Why Search Is A First-Class Agent Skill

Before an agent edits code, it has to find the right code. Search is the bridge between a vague request and concrete files. Poor search causes bad edits because the model reasons from incomplete evidence.

A useful agent usually needs several search modes:

  • File discovery: "What files exist?"
  • Text search: "Where is this symbol or string used?"
  • Semantic narrowing: "Which results look relevant to the user's task?"
  • Code intelligence: "Where is the definition, reference, or implementation?"
  • Tool discovery: "Which tool should I use for this kind of search?"

A Generic Search Strategy

The model often starts broad, then narrows:

def investigate_request(request, tools):
    query_terms = extract_terms(request)

    candidate_files = tools.find_files(
        patterns=guess_file_patterns(request),
        limit=200,
    )

    matches = []
    for term in query_terms:
        matches.extend(
            tools.search_text(term, files=candidate_files, limit=100)
        )

    ranked = rank_by_path_and_match_quality(matches, request)
    return ranked[:20]

Good search tools do more than return bytes. They apply ignore rules, detect binary files, bound output, include line numbers when useful, and make truncation explicit.

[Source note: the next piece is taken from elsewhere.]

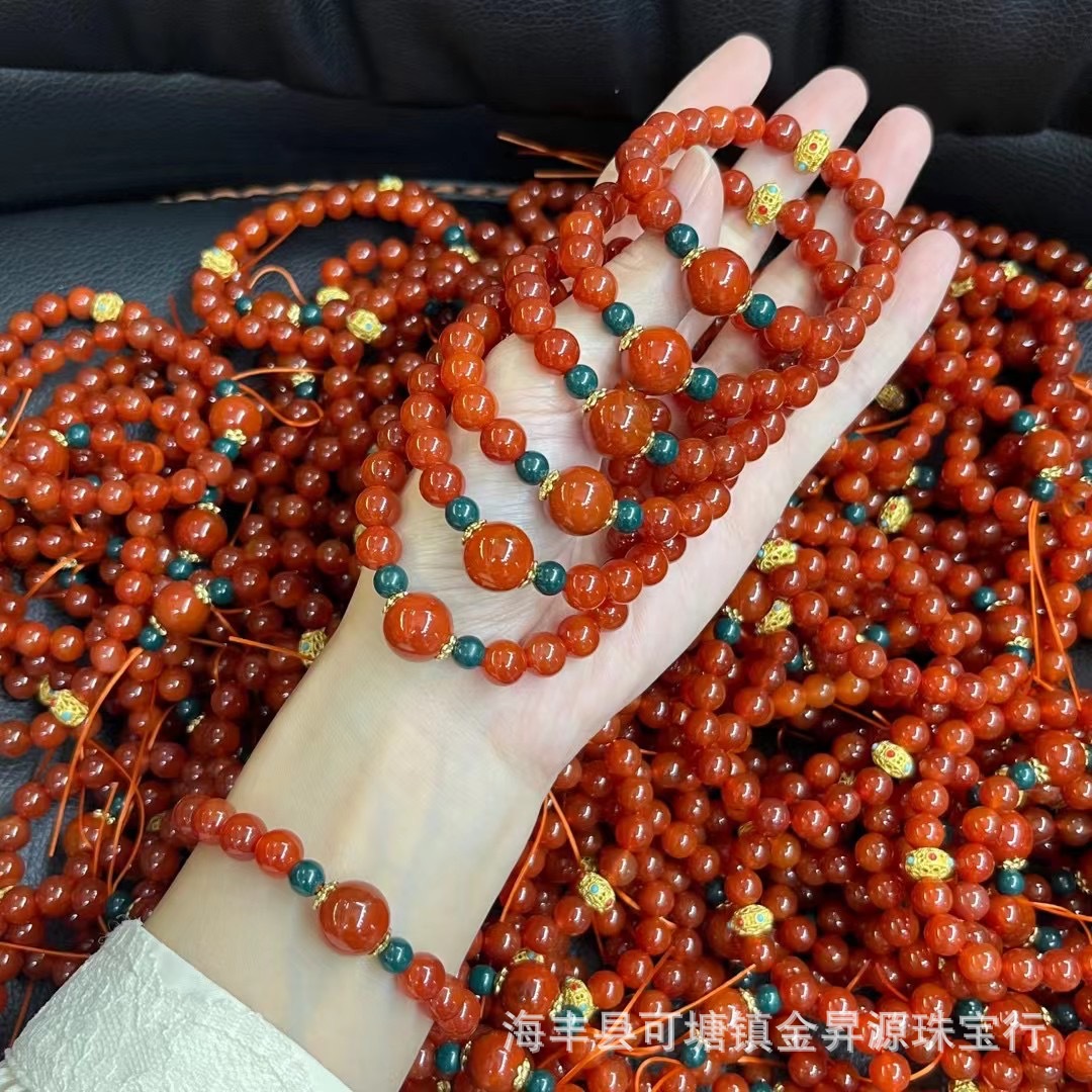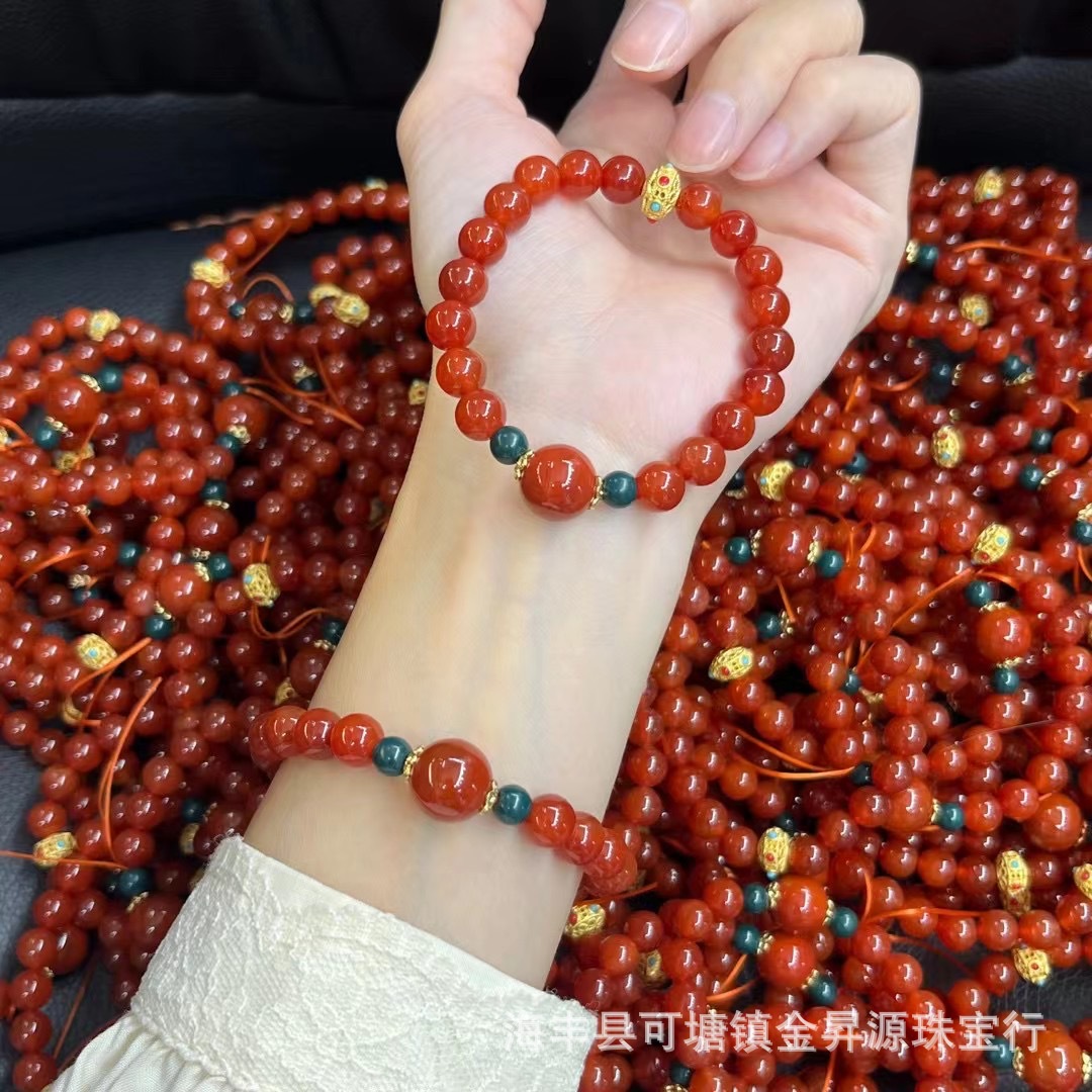 天然红色玛瑙手链南红手串搭配古法金南红单珠夏天时尚直播批发款 批发量越大价格越低,可供直播间长期合作,欢迎来电私聊

Codex: Shell-Native Search

Codex leans heavily on shell-native search. The model is expected to use fast developer tools such as rg, rg --files, git grep, find, and language test commands. This fits Codex's broader philosophy: provide a powerful shell, then constrain execution with policy and sandboxing.

What This Enables

Shell-native search is flexible:

def codex_search_plan(question):
    if question.looks_like_exact_symbol:
        return "rg -n 'symbol_name'"
    if question.looks_like_file_discovery:
        return "rg --files | rg 'pattern'"
    if question.needs_git_history:
        return "git log --oneline -- path"
    return "rg -n 'best guess terms'"

The model can chain commands, filter with pipes, inspect Git state, and combine search with project-specific scripts.

What The Runtime Still Provides

Codex still has search-related infrastructure:

  • The interactive UI uses file-search helpers for fast file selection.
  • Shell tool handling captures output, exit status, timing, and errors.
  • Tool orchestration applies approval and sandbox policy before command execution.
  • Tool-search surfaces can help discover available model-visible tools.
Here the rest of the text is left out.